Generative AI, the branch of artificial intelligence (AI) that is designed to generate new data, images, code, or other types of content that humans do not explicitly program, is rapidly becoming pervasive across nearly all facets of business and technology.

Inferencing, the process of using a trained AI model to generate predictions that make decisions or produce outputs based on input data, plays a crucial role in generative AI as it enables the practical application and real-time generation of content or responses. It enables near instantaneous content creation and interactive experiences, and when properly designed and managed, does so with resource efficiency, scalability, and contextual adaptation. It allows generative AI models to support applications ranging from chatbots and virtual assistants to context-aware natural language generation and dynamic decision-making systems.

Earlier this year, Dell Technologies and NVIDIA introduced a groundbreaking project for generative AI, with a joint initiative to bring generative AI to the world’s enterprise data centers. This project delivers a set of validated designs for full-stack integrated hardware and software solutions that enable enterprises to create and run custom AI large language models (LLMs) using unique data that is relevant to their own organization.

An LLM is an advanced type of AI model that has been trained on an extensive dataset, typically using deep learning techniques, which is capable of understanding, processing, and generating natural language text. However, AI built on public or generic models is not well suited for an enterprise to use in their business. Enterprise use cases require domainspecific knowledge to train, customize, and operate their LLMs.

Dell Technologies and NVIDIA have designed a scalable, modular, and high-performance architecture that enables enterprises everywhere to create a range of generative AI solutions that apply specifically to their businesses, reinvent their industries, and give them competitive advantage.

This design for inferencing is the first in a series of validated designs for generative AI that focus on all facets of the generative AI life cycle, including inferencing, model customization, and model training. While these designs are focused on generative AI use cases, the architecture is more broadly applicable to more general AI use cases as well.

This guide describes the Dell Validated Design for Generative AI Inferencing with NVIDIA.

It describes the validated design and reference architecture for a modular and scalable platform for generative AI in the enterprise. The guide focuses specifically on inferencing, which is the process of using a trained model to generate predictions, make decisions, or

A Scalable and Modular Production Infrastructure with NVIDIA for Artificial Intelligence Large Language Model Inferencing

produce outputs based on input data for production outcomes. Subsequent guides will address validated designs for model customization and training.

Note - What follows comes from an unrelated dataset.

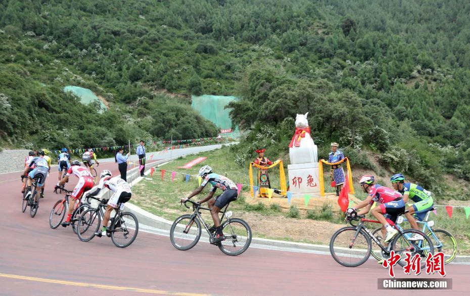 十二盘坡因有十二个拐弯而得名,整个路段路窄、弯急、坡陡,行进难度极大,成为青海互助县的一道独特的景观。值得一提的是,今年的十二盘坡,每一处拐弯点都矗立着栩栩如生的十二生肖雕像凝视着赛道,仿佛在奋力拼搏的选手们加油。图为选手们经过生肖兔的雕像。 中新网记者 翟璐 摄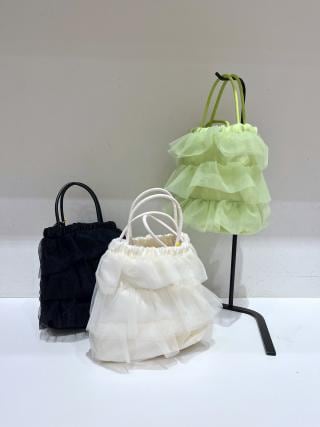 チュールを重ねたフリルデザインのミニバッグ。

This design guide can be read alongside the associated white paper, Generative AI in the Enterprise. The white paper provides an overview of generative AI, including its underlying principles, benefits, architectures, and techniques; the various types of generative AI models and how they are used in real-world applications; the challenges and limitations of generative AI; and descriptions of the various Dell and NVIDIA hardware and software components to be used in the series of validated designs to be released

What is inferencing?

Inferencing in AI refers to the process of using a trained model to generate predictions, make decisions, or produce outputs based on input data. It applies the learned knowledge and patterns acquired during the model’s training phase to respond with new and unique content.

During inferencing, the trained model processes input data through its computational algorithms or neural network architecture to produce an output or prediction. The model applies its learned parameters, weights, or rules to transform the input data into meaningful information or actions.

Inferencing is the culminating and operational stage in the life cycle of an AI system. After training a model on relevant data to learn patterns and correlations, inferencing allows the model to generalize its knowledge and make predictions or generate responses that are accurate and appropriate to the specific context of the business.

For example, in a natural language processing task like sentiment analysis, the model is trained on a labeled dataset with text samples and corresponding sentiment labels (positive, negative, or neutral). During inferencing, the trained model takes new, unlabeled text data as input and predicts the sentiment associated with it.

Inferencing can occur in various contexts and applications, such as image recognition, speech recognition, machine translation, recommendation systems, and chatbots. It enables AI systems to provide meaningful outputs, help with decision-making, automate processes, or interact with users based on the learned knowledge and patterns captured by the model during training. Generative AI inferencing is what allows AI systems to produce coherent and contextually relevant responses or content in real time.

Inferencing and AI model development workflow

The following figure shows a typical workflow for generative AI development, depicting where inferencing fits into the overall work stream. While this process can vary from organization to organization, the basic flow is generally consistent.

Figure 1. Generative AI workflow

In step 1, the business must establish its strategy for generative AI by considering its goals and objectives, identifying the problems it wants to solve or opportunities to create, and defining the use case or cases to address.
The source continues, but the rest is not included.